Quality Enhancement Plan
History of the Project—CVCC’s 2002-3 Quality Enhancement Plan
The College began to prepare for its decennial reaccredidation effort fairly early. During the 2001-2002 academic year, key administrators monitored the progress of at least two Virginia institutions which were among those schools to participate in SACS’ inaugural revised reaffirmation process. CVCC’s president and director of institutional research became familiar with the basic components of the process so they in turn could inform the rest of the staff. Both individuals attended SACS meetings as well to increase their understanding of what the new reaffirmation process would entail.
They found noteworthy changes from the former Self-Study process. Compliance documents would be posted and available online to members of the SACS off-site assessment team. In place of the Self-Study, institutions were to produce a Quality Enhancement Plan that reflected their own sense of mission and purpose. The feeling conveyed from the leadership at CVCC was one of eagerness, excitement, and a sense of pioneering challenge. Since the College would be among the first class of institutions to complete the process after the pilot-testing group, its goal was to establish a standard of excellence that other institutions in subsequent classes might emulate.
During April 2002, the president, the director of institutional research, the chair of the Quality Enhancement Plan Committee, and the writer of the QEP went to Atlanta for a SACS briefing to become further acquainted with the revised reaffirmation process and to meet with our SACS liaison. While there the College received preliminary approval for our QEP topic: online courses.

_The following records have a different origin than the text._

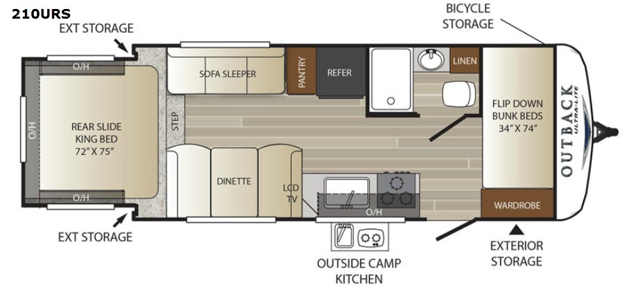 This Outback Ultra Lite 210URS travel trailer by Keystone RV is ideal for a family of four-six. With a rear bed slide and a front set of bunk beds, there is plenty of room to enjoy your time away from home.
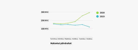 Päivärahaa maksettiin kesäkuussa 209 000 henkilölle. Saajien määrä kasvoi kesäkuussa 118 prosenttia viime vuoden kesäkuuhun nähden. Saajista 109 000 sai ansiopäivärahaa lomautuksen ajalta. Lomautettuja oli kesäkuussa 14-kertainen määrä vuoden takaiseen tilanteeseen nähden. 90 prosenttia saajien määrän kasvusta selittyykin lomautusten lisääntymisellä.
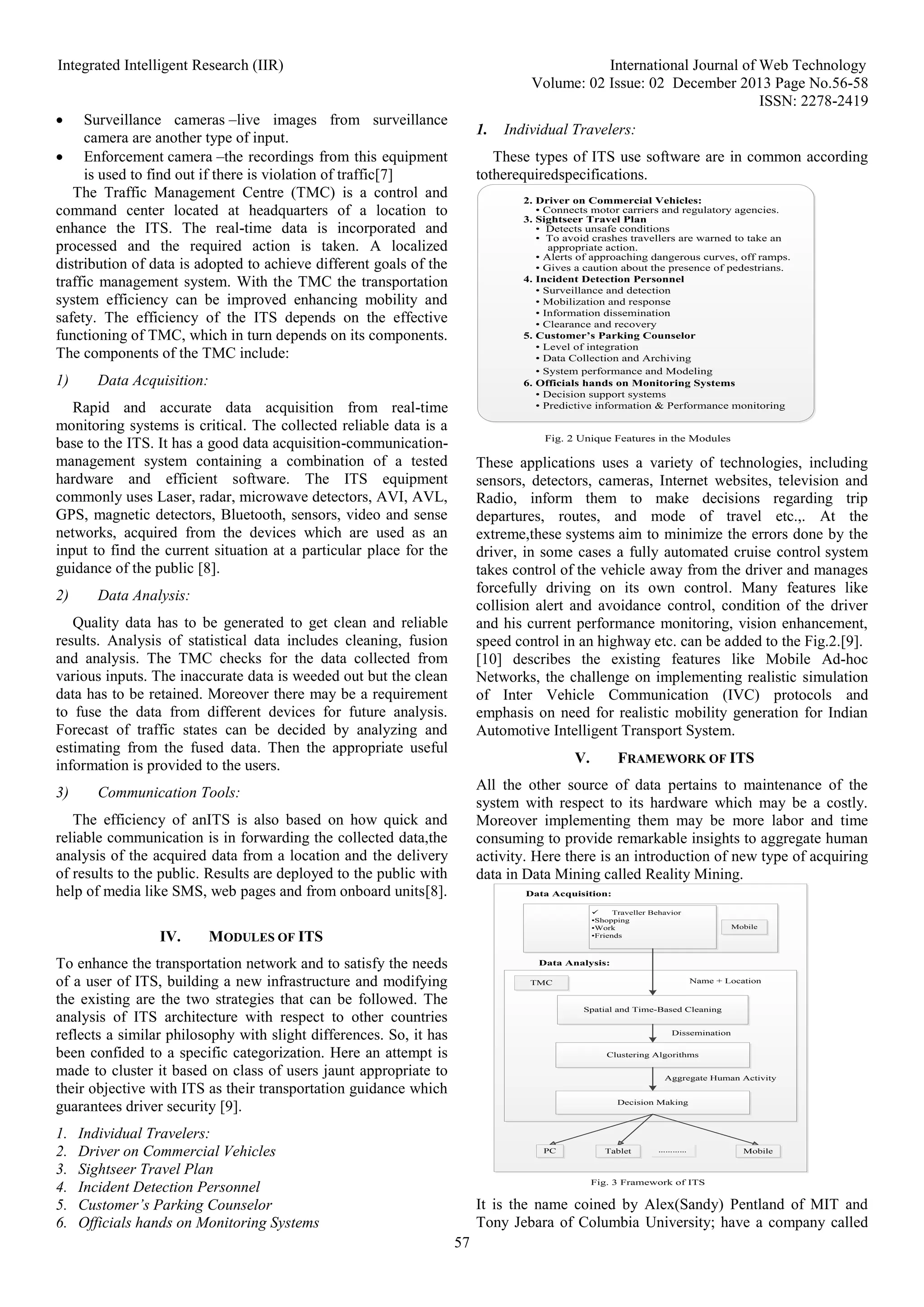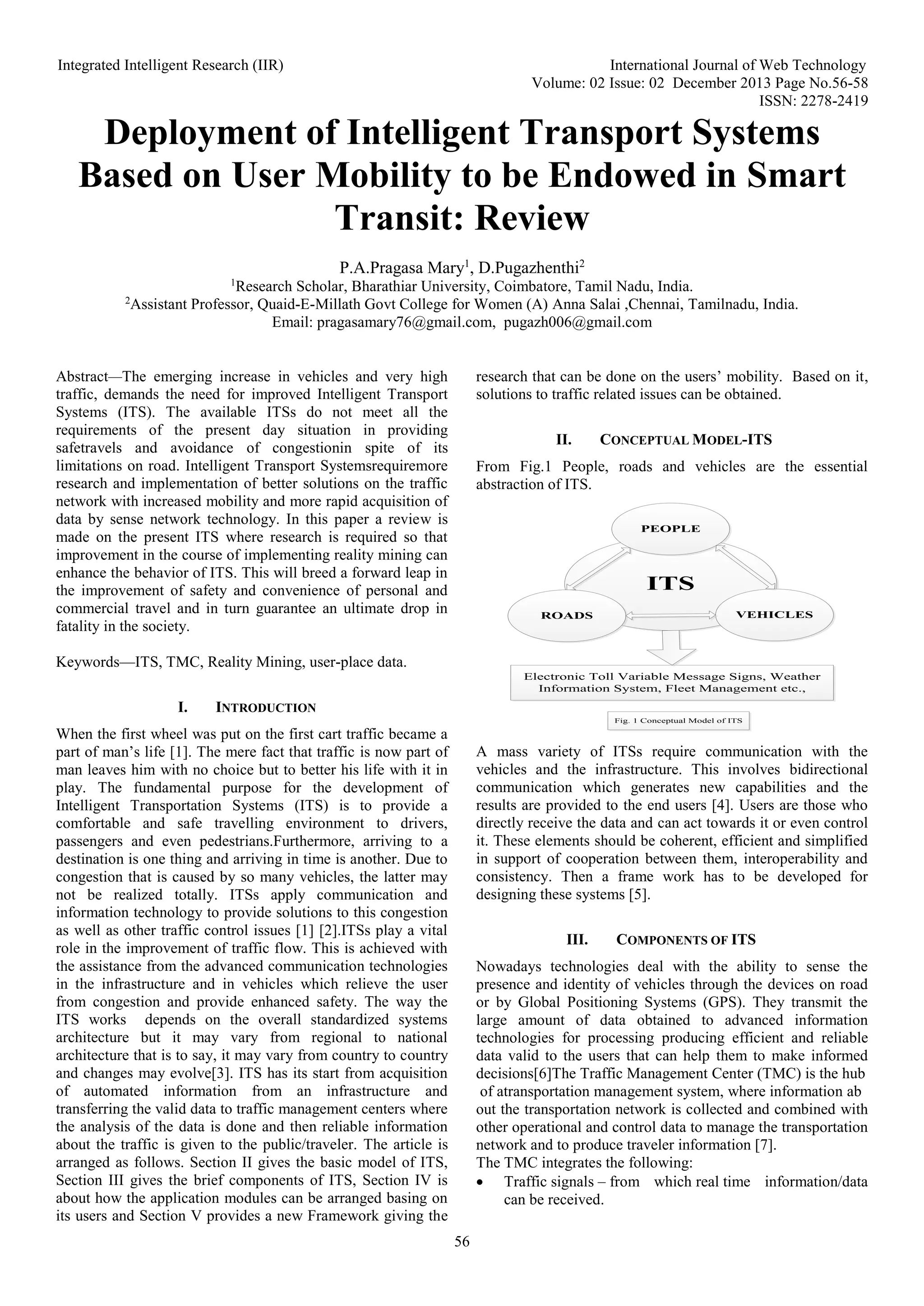 The document provides a review of intelligent transport systems (ITS) focusing on user mobility and the implementation of advanced technology to improve travel safety and efficiency. It discusses the components, architecture, and challenges of ITS, emphasizing the need for effective data acquisition and analysis through reality mining to enhance decision-making in transportation. The framework proposed aims to utilize existing data effectively while adapting to the complexities of modern transport systems.
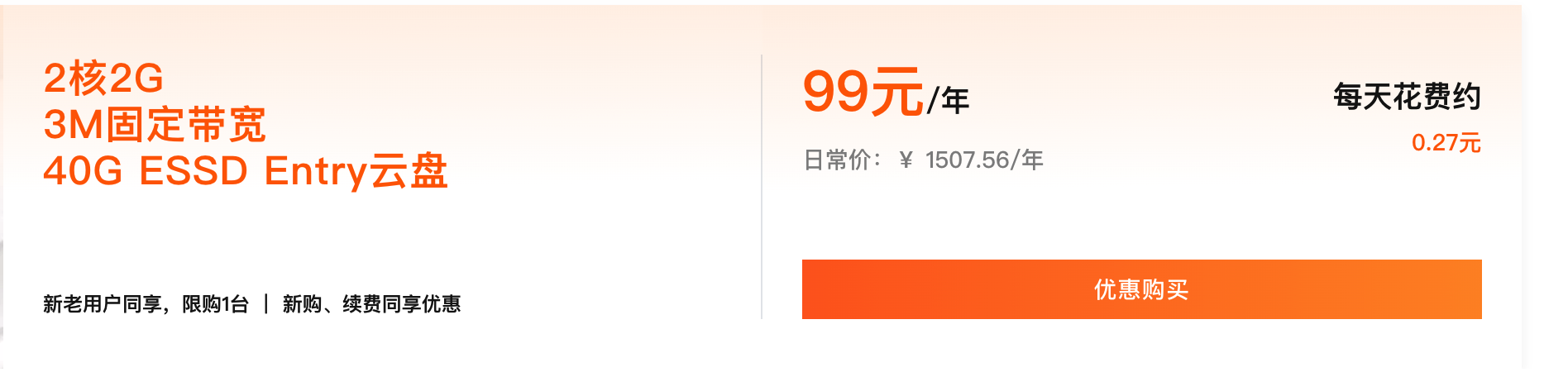 2、阿里云服务器,目前有活动99元/一年,到期是可以原价续费4年,过期了可以换其他厂商服务器,做好迁移工作,这里主要利用公网IP做代理作用
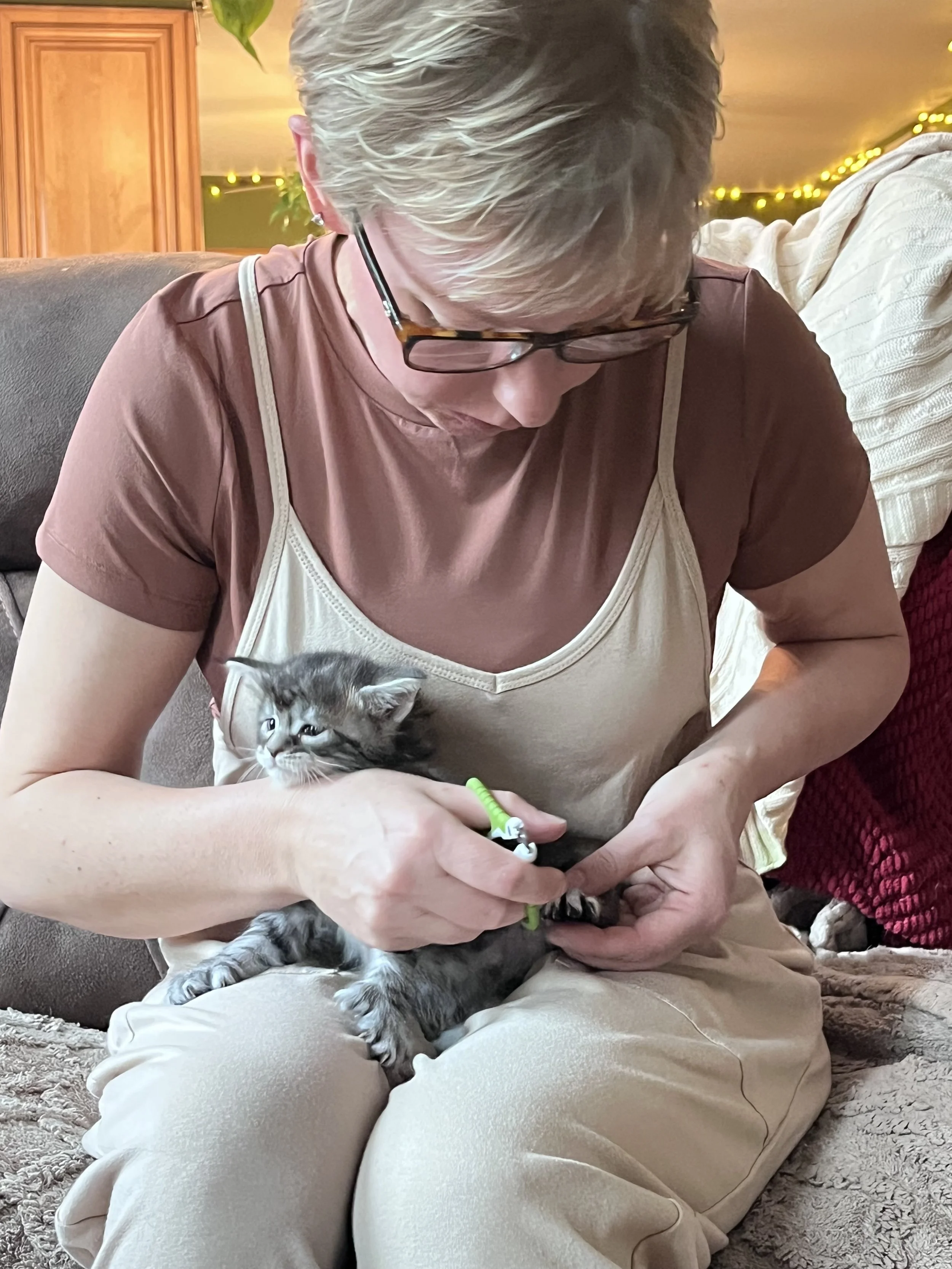 This is also the week we introduce nail trims. It’s a small but important part of their routine, and we keep it gentle and low-stress. Just a quick clip while they’re relaxed helps them get used to the process early. We also brush them gently- setting them up for a lifetime of easy grooming.

During the summer 2002, the College president and the chair of the QEP Committee refined the topic, developed the parameters that the project was to encompass, and decided on the necessary committee structure to carry out the project. The Leadership Committee oversaw the QEP Committee which directed the work of the subcommittees. Four subcommittees gathered the information that informed the project (see Appendix A). By the beginning of the fall 2002 semester, the membership of each subcommittee had been finalized, and each subcommittee chair had begun to shepherd the work.
Each of the four subcommittees was given a specific charge related to the aspect of online instruction each was to investigate, each of which is described below. Additionally, each subcommittee was to submit five-year goals and related annual objectives to the QEP Committee and ultimately to the Leadership Committee detailing its findings. These goals and objectives were all to be directed to accomplishing the aim of CVCC’s Quality Enhancement Plan: the development, delivery, and support of world-class online courses and degrees.
The Rationale and Management Subcommittee’s goals were to examine the support services (online registration, advisement, financial aid, records, counseling, etc.), at selected community colleges. This committee also examined methods of utilizing the College’s permanent committee structure for planning, editing, and reviewing web courses to provide superior service to CVCC students and the community. Additional responsibilities of this committee included examining selected community colleges to determine the optimal teacher-student ratio and faculty course loads.
The Course Development Subcommittee had as its mission to examine the components that characterize highly successful online courses by benchmarking successful online environments at selected community colleges nationwide. This examination included the identification of opportunities to research and develop technologically innovative, educationally beneficial elements of online courses. Additionally, this committee sought to identify the elements that should be included in every CVCC course and the design of a template home page for these courses.
The Assessment of Online Learning Subcommittee was charged to study the best ways of assessing learning outcomes in online courses by benchmarking successful assessment criteria at selected community colleges. This subcommittee was also charged to develop and maintain ongoing methods of comparing the effectiveness of traditional and online courses at CVCC.
The Infrastructure Subcommittee had as its mission to examine the technological standards necessary to support excellence in online education including server uptime, hardware requirements, and student technological skills requirements. A further objective of this committee involved investigation of strategies for obtaining support of faculty and staff as well as providing recommendations for related projects that could be supported by the General Assembly or though outside grants.
During the entire fall semester 2002, the subcommittee members met, sent emails, conducted research, made phone calls and site visits, and achieved steady progress toward their objectives. They established Blackboard sites and posted documents for discussion and review. They answered certain questions and raised others. The head of the QEP Committee managed to keep the subcommittees on track through regularly-scheduled meetings with the subcommittee chairs, through phone calls, emails, and in-hall conversations. In turn, the subcommittee chairs managed to keep their committee members on task though similar means.
By the end of January 2003, all the subcommittees had completed their reports and submitted them to the chair of the QEP Committee for review and revision. When the QEP Committee completed its review, the chair forwarded them to the Leadership Committee which examined the goals and objectives and made some further revisions. By April 2003, the overall goals and objectives of CVCC’s Quality Enhancement Plan were finalized and the College leadership was looking to finding the ways and means to make the plan a reality. (See Appendix A for detailed committee memberships.)